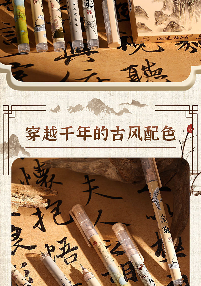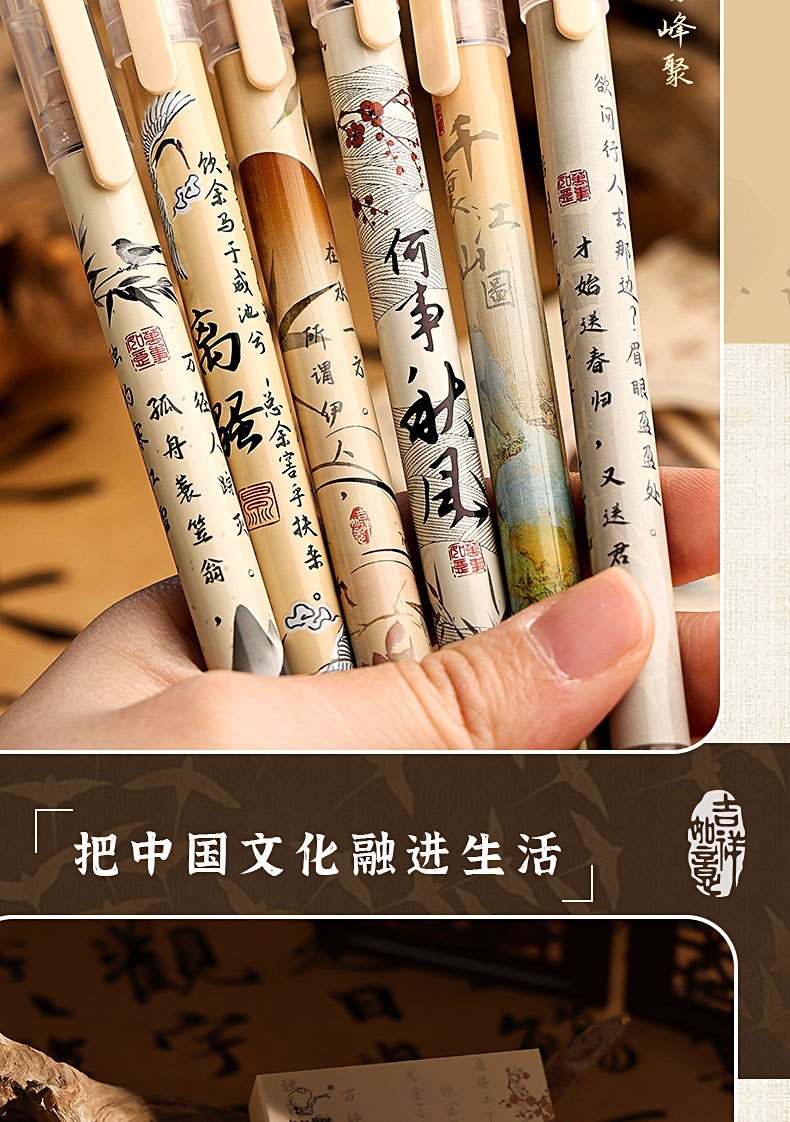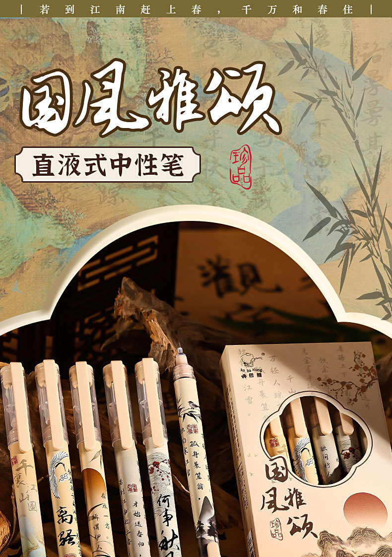 考试学生古风速干直液式走珠笔中性笔刷题笔0.5黑笔笔芯顺滑水笔
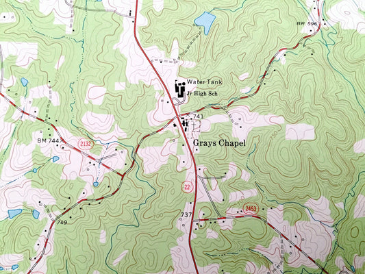 Antique Grays Chapel, North Carolina 1974 US Geological Survey Topographic Map – Randolph County, Lineberry, Melanchthon, Millboro, NC
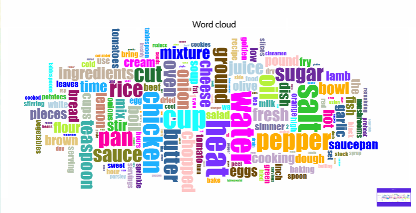 After finally having a nice collection of cookbooks, I first used Voyant to analyze the cookbooks. I mainly used two tools: word cloud and bubblelines.
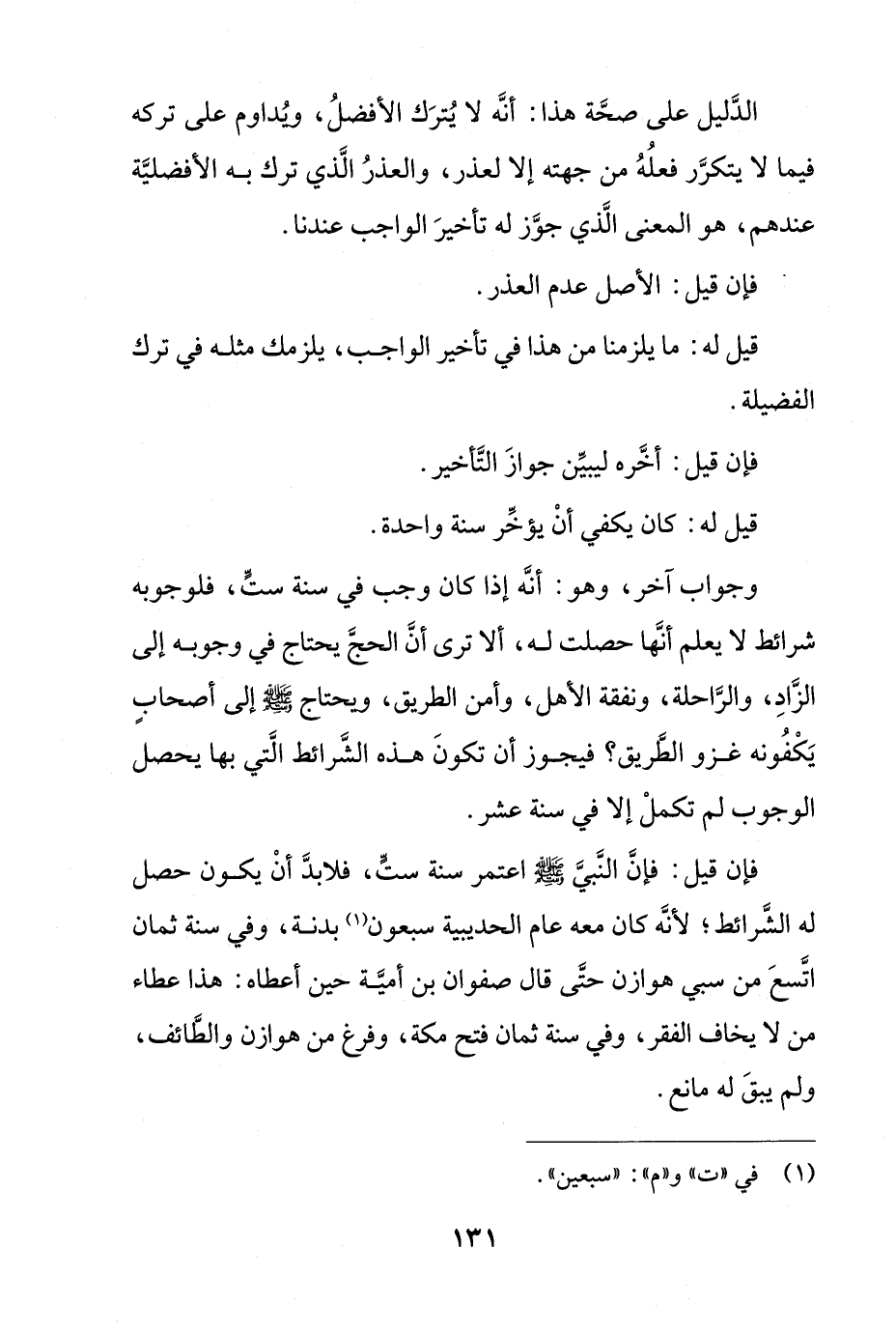 فإن قيل: فإن النبي (صلى الله عليه وسلم) اعتمر سنة ست، فلا بد أن يكون حصل له الشرائط؛ لأنه كان معه عام الحديبية سبعون بدنه، وفي سنة ثمان اتسع من سبي هوازن حتى قال صفوان بن أمية حين أعطاه" هذا عطاء من لا يخاف الفقر، وفي سنة ثمان فتح مكة، وفرغ من هوازن والطائف، ولم يبق له مانع.
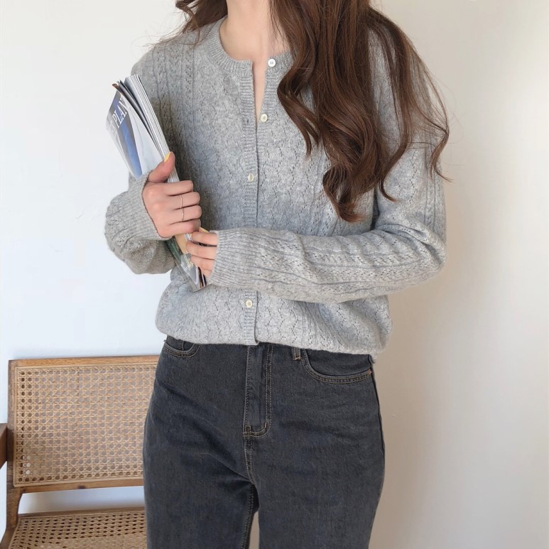 2019 Korean version of early autumn new round neck hollow sweater cardigan women's short loose knitted cardigan fashion jacket
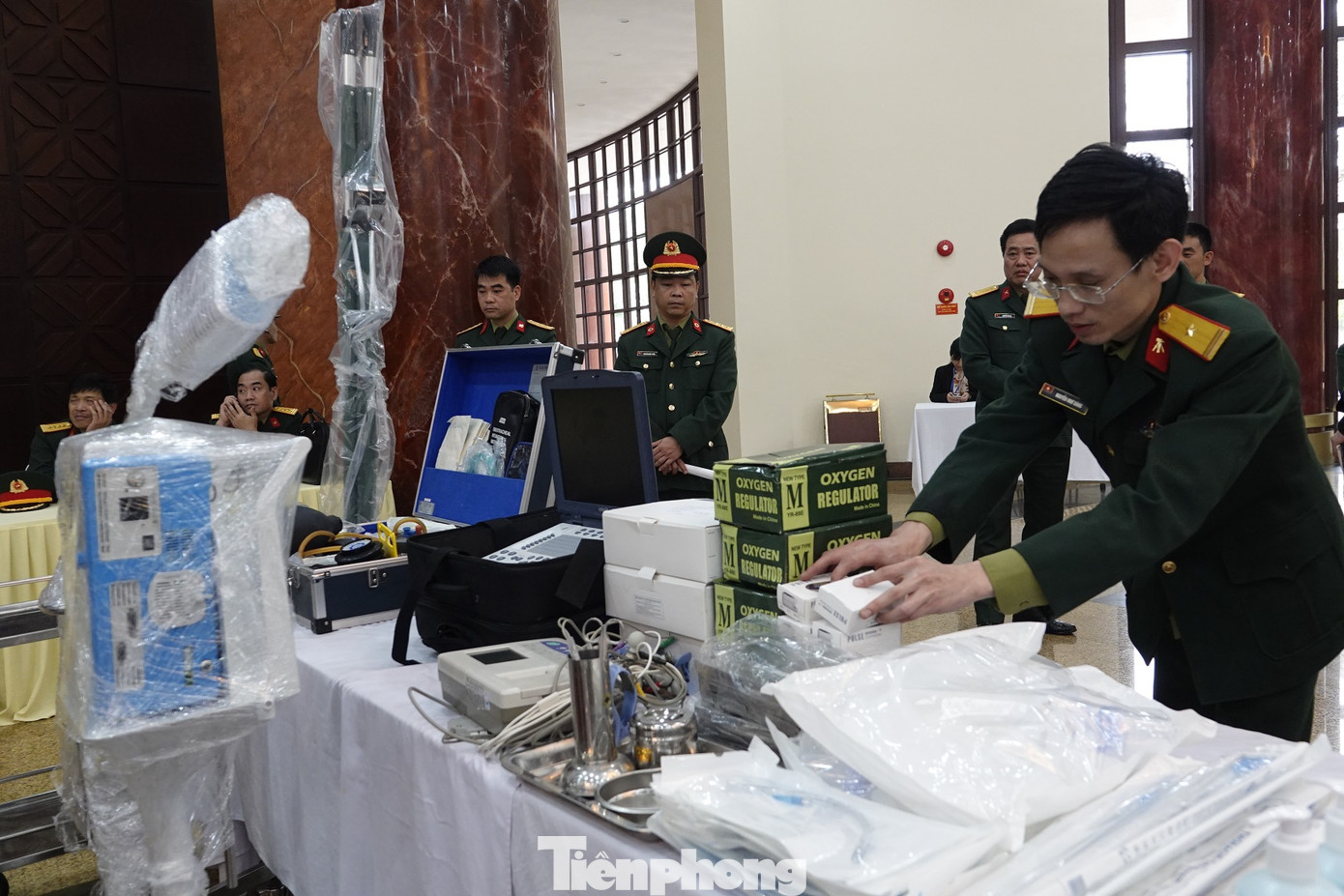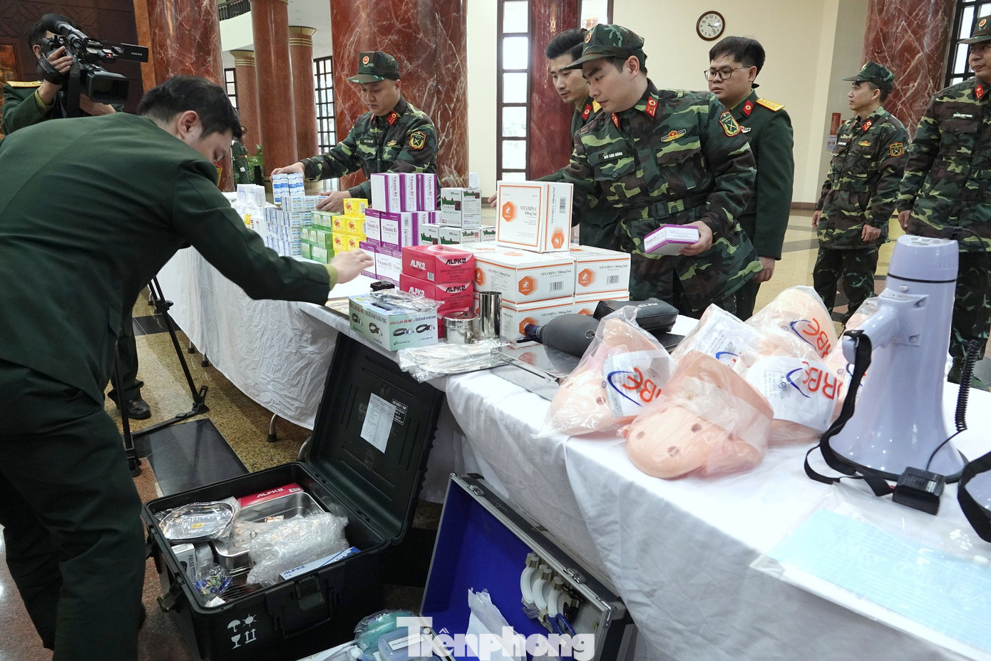 | Trung tướng Trần Duy Giang - Chủ nhiệm Tổng cục Hậu cần kiểm tra các loại vật tư y tế, thuốc men của lực lượng Quân y tham gia tới hỗ trợ Thổ Nhĩ Kỳ |

# # # # #

**THE TASK**
Go back to the entries above and restate word for word every line from the first through the one that contains "After finally having", leaving the pictures behind.

**ANSWER TO THIS EXERCISE**
 考试学生古风速干直液式走珠笔中性笔刷题笔0.5黑笔笔芯顺滑水笔
 Antique Grays Chapel, North Carolina 1974 US Geological Survey Topographic Map – Randolph County, Lineberry, Melanchthon, Millboro, NC
 After finally having a nice collection of cookbooks, I first used Voyant to analyze the cookbooks. I mainly used two tools: word cloud and bubblelines.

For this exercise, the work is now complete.